We are currently working on mapping our source terms to OMOP standard terms. Though we always pick the right values for filters like ‘Domain’ and ‘Vocab’ and ‘Standard’, can you help us understand the importance of ‘Class’ column/field? Is there any guideline that you follow to map items like

for example, what’s the difference between 1 and 2 shown below and how will this impact our final analysis results?

  1. Drug (domain) -->Rxnorm (vocab) -->Ingredient (class)
  2. Drug(domain) --> Rxnorm -->Branded drug box

a) Am I right to understand that we are usually expected to map it to the broader term?

b) Should our mapping be dependent on the institution who carries out this omop project?

I mean will the mapping differ should the enduser be hospital or Pharmaceutical company?

Hospital will be interested to know about the patients whereas the pharamceutical company might want to know about the brands of drugs etc.

c) How accurate should our mapping be? What will be the drawback if we don’t pay attention to ‘Class’ field?
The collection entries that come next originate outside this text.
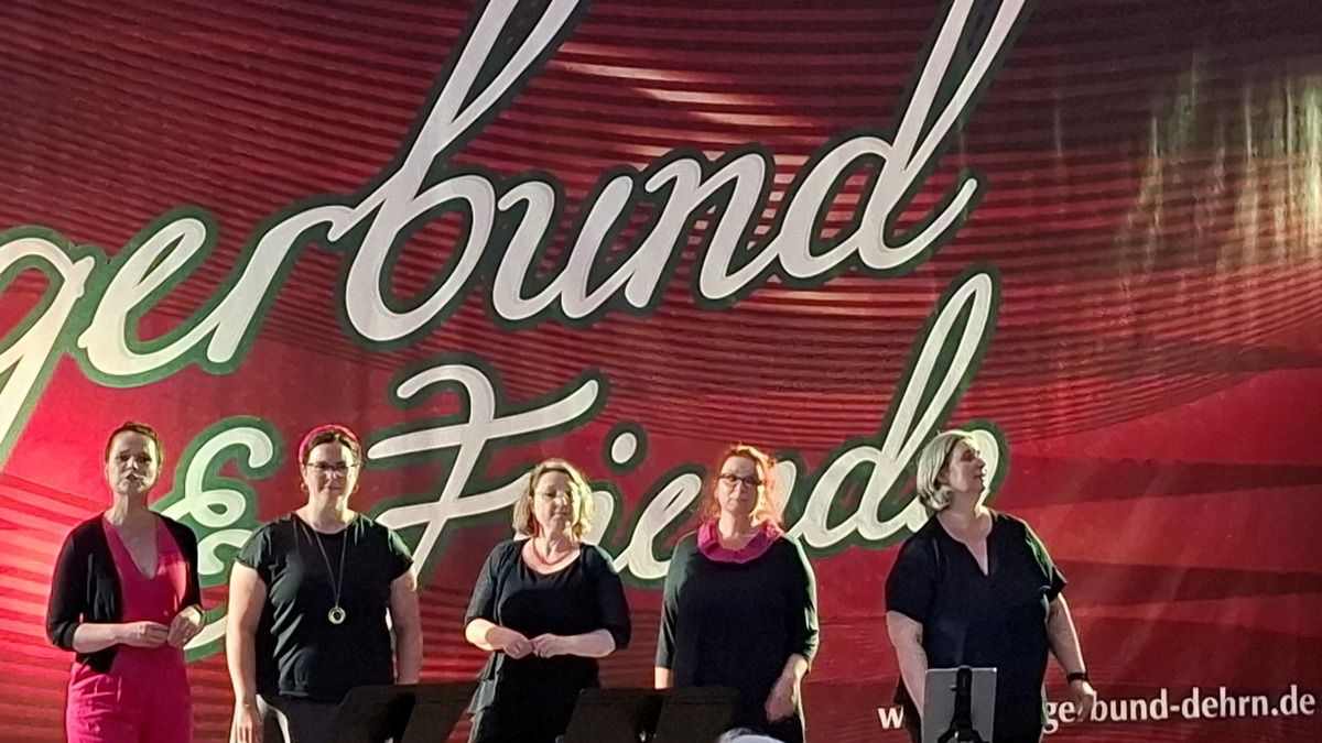 Für mitreißende Stimmung sorgte auch die Frauenformation „Singoritas“ aus Ingelheim. Die fünf Sängerinnen präsentierten sich charmant und voller Energie. Ihr Repertoire reichte von „Please Mr. Postman“ bis zu „Easy On Me“ und „Traust du dir“, wobei insbesondere „Bouncin’ In My New Shoes“ und „My One And Only Love“ großen Applaus hervorriefen.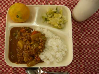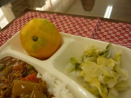 献立は、ポークカレーライス(米粉)、はくさいのピクルス、みかん、牛乳でした。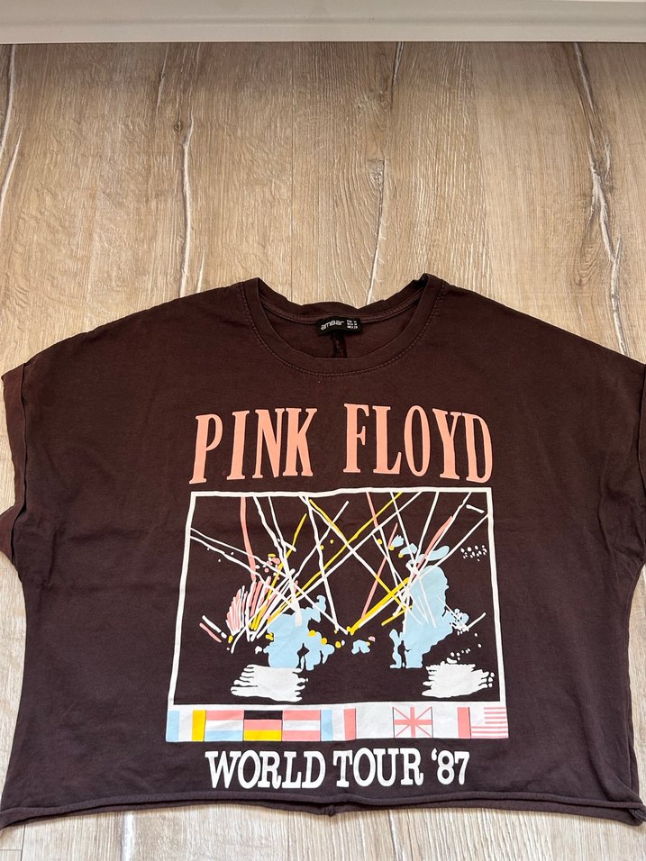Kahverengi pamuklu, kısa kollu, bisiklet yaka, bol kesim kadın tişört. Pembe Floyd World Tour '87 baskılı, rock punk parti havasına uygun.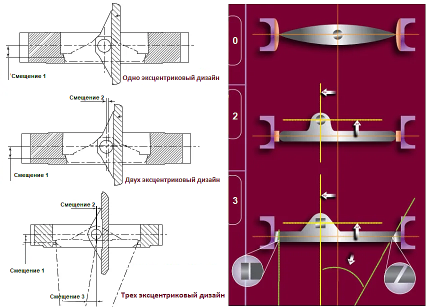 - с тройным смещением (эксцентриком) – имеет три смещения в разных плоскостях диска, установленного эксцентрично относительно оси. Это помогает обеспечить более надежное уплотнение. В этом типе затвора сочетается конструкции двойного смещения и дополнительного смещения оси дисковой манжеты.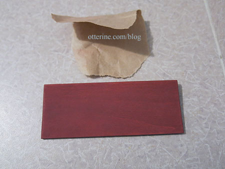 It’s a rusty red that will fit with just about any décor. I lightly sanded the chest with a scrap of paper bag material to smooth the surface raised by the paint application.

d) Do you have any standard filters that you follow, so that we can guide the end-users on how to do the mapping or it’s like kind of experimentation? we are doing this omop transformation for a hospital

Apologies, if my question is basic


@DTorok - can you please help me with this? Would be very helpful.


#1 is the ingredient of a drug
#2 The class_id = Branded Drug Box comes from the vocabulary_id = RxNorm Extension. The RxNorm Extension vocabulary is non-US drugs. If you have US data, then you most likely will not use class_id = Branded Drug Box.

But, since you are trying to decipher the the different class_ids, I will give another example:

Example: your source data has Rx CUI = 209459 or the following string term:
Acetaminophen 500 MG Oral Tablet [Tylenol]

If you were to map to class_id = ingredient, you only get the ingredient data which is ‘acetaminophen’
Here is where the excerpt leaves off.